Мы не стали заниматься ни кошкой, ни предохранителями. Завалились в постель, и вот тут-то Кору и пробрало. Она заплакала, ее стало трясти, и часа два я ее не мог успокоить. Потом она лежала в моих объятиях, и мы разговаривали.
– Больше никогда, Фрэнк!
– Именно! Никогда!
– Мы, наверное, спятили. Просто спятили.
– Легко отделались. Чисто случайно.
– Это я виновата.
– Я тоже.
– Нет, я. Это все я затеяла. Ты не хотел. В следующий раз буду слушаться тебя. Ты – умный, ты не бестолочь, как я.

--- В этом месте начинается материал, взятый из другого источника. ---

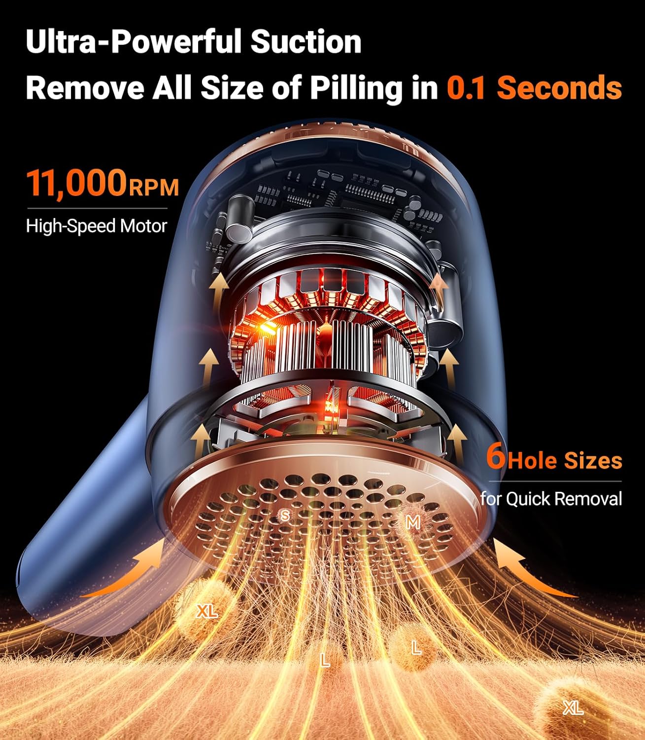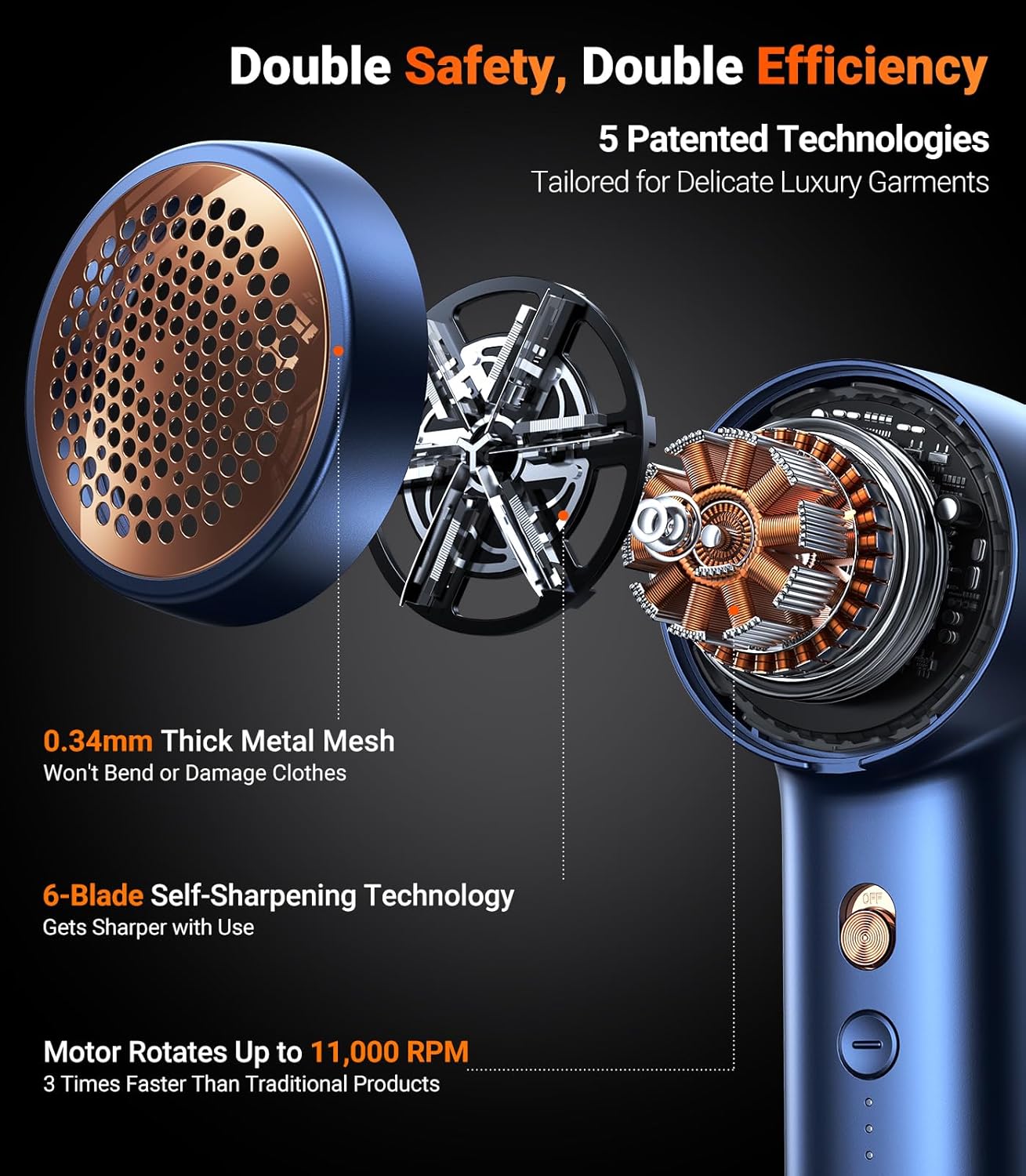 - [12 Times Removal Efficiency] Cleaning A sweater only takes ONE minute with TORRAS rechargeable fabric shaver. The turbine design increases the suction power of lint by 2 times. Six 45° blades increase the cutting efficiency by 3 times. The 11000 RPM motor doubled the cleaning speed. Each electric lint remover rechargeable contains numerous exquisite designs.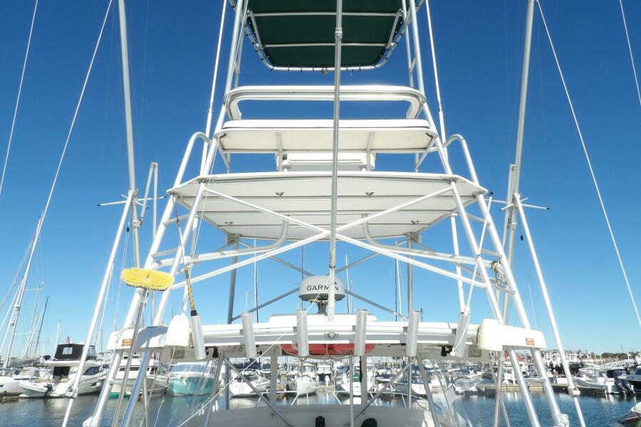 The 40 Luhrs has a great layout with a large cockpit, spacious helm with seating out of the weather, a tuna tower, and plenty of cabin space down below. "The wide beam, Carolina flare, and a sharp entry of the Luhrs 40 Open combine to deliver a smooth, dry ride. The low center of gravity increases the stability in a seaway as well as when trolling" Luhrs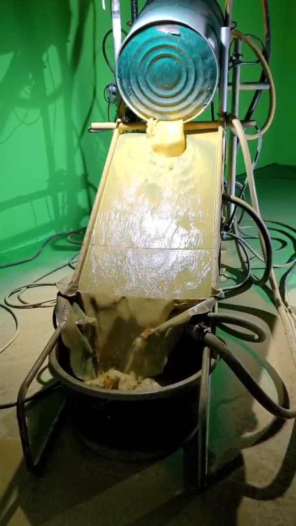 I ran to Muradiye Han to escape the rain. It was smaller than I had expected. This small space consisted of Anna Alenso’s sculptural machine, video, and sound installations. The main installation of the exhibition, which focused on the realities of gold mining in Venezuela, was designed as a sculpture converted from machines used in gold mining. The gold washing process was depicted by dirty water flowing on a noisy, sloping conveyor belt. A bulldozer cabin placed next to it seemed to make this space, which was small enough for two people to stand in, even more cramped.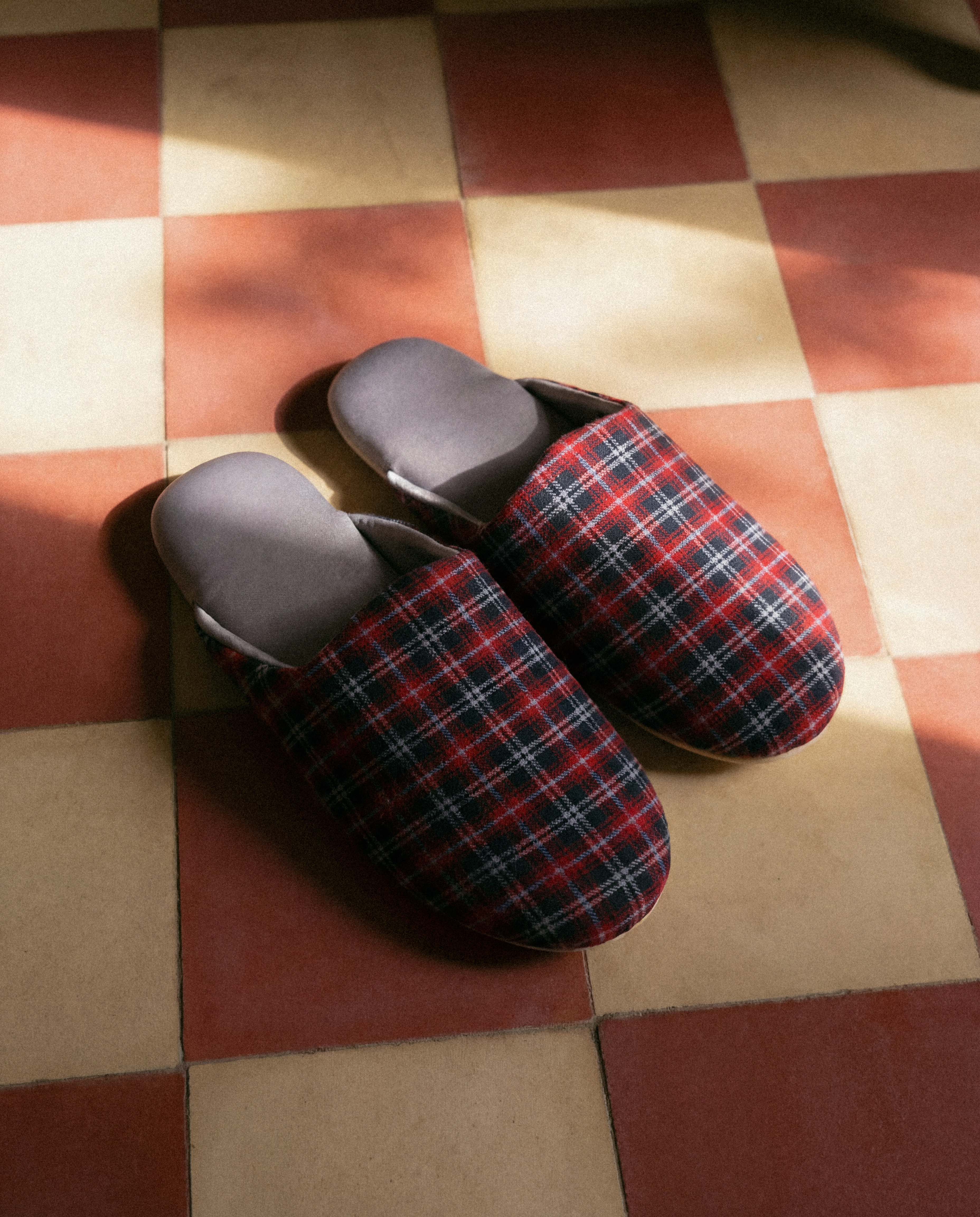 Тапочки из теплого материала в красную клетку дарят уют и комфорт дома и служат идеальным дополнением к пижаме. В нашей коллекции пижам для всей семьи вы найдете пижамы, маски, а также ароматическое саше из аналогичной ткани.

– Вот только следующего раза не будет.
– Точно. Никогда.
– Даже получись все как надо, уж копы докопались бы. Они всегда докапываются. Они же привычные. Посмотри, как быстро тот коп сообразил, что дело нечисто. У меня прямо кровь стынет в жилах. Едва он меня там заметил – мигом что-то почуял. Если он такой смышленый, какие у нас были бы шансы, умри Ник?
– Да, хищница из меня никакая.
– Вот и я говорю…
– Как я перепугалась, Фрэнк!
– Да я и сам здорово струсил.
– Знаешь, чего мне больше всего хотелось, когда свет погас? Чтобы ты пришел. И чувствовала я себя никак не хищницей, а маленькой девочкой, которая боится темноты.
– Ну я ведь и пришел, так?
– Обожаю тебя. Если бы не ты, не знаю, что бы с нами было.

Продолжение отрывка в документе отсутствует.